Late 1860s and 1870s “Papa’s Secretary”
John W. Garrett recognizes and nurtures his daughter’s natural aptitude for business. In her teens and early twenties she frequently assists him in his business dealings.

1878 the “Friday evening” group
Garrett meets regularly with a group of high-minded young women in Baltimore to discuss literature, philosophy, and social issues. They refer to themselves as the “Friday evening” group, since they meet on the second Friday of each month. The group includes Bessie King, Mamie Gwinn, M. Carey Thomas, and Julia Rogers.

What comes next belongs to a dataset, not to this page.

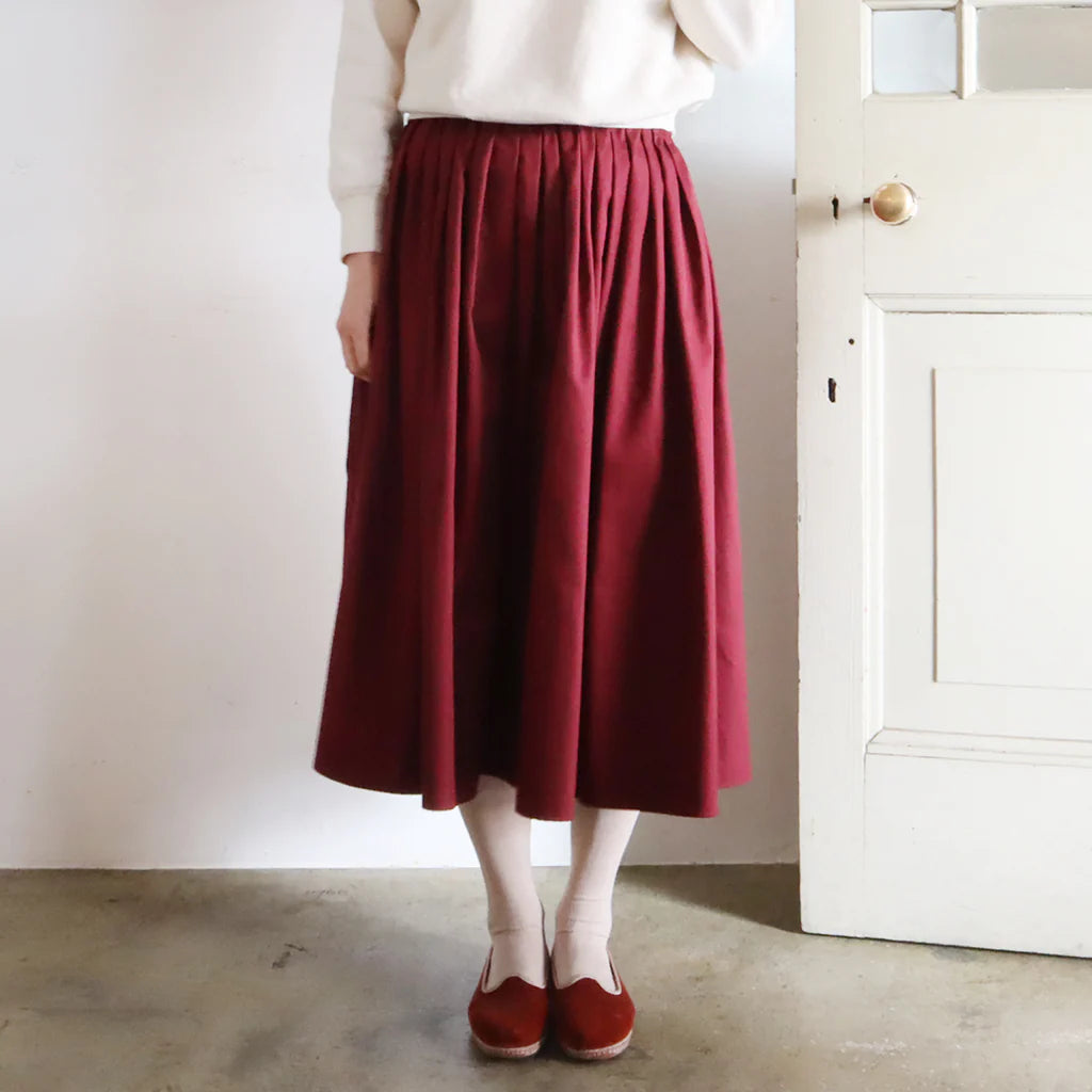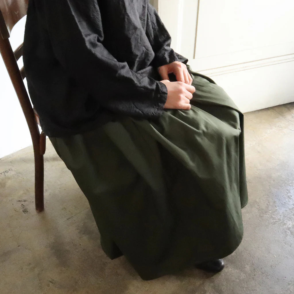 生地はイタリア Solbiati社の綾織り生地ギャバジン。光沢と張りがあり上品なスカートに仕上がります。

1879-1882 Advanced Schooling
Garrett fails a college entrance examination because of anxiety and an inability to concentrate. Not passing this exam is a particularly devastating setback since her father had discouraged her from attending college and actively seeking a career and from accepting suitors. She later graduates from a seminary in New Jersey.

1883 Death of Mother
Rachel Harrison Garrett, Mary Elizabeth’s mother, dies on 15 November.

1884 Death of Father
John Work Garrett, Mary Elizabeth’s father, dies on 26 September. Having named his daughter co-executor of his estate, he leaves her one third of his fortune, estimated at $9 million.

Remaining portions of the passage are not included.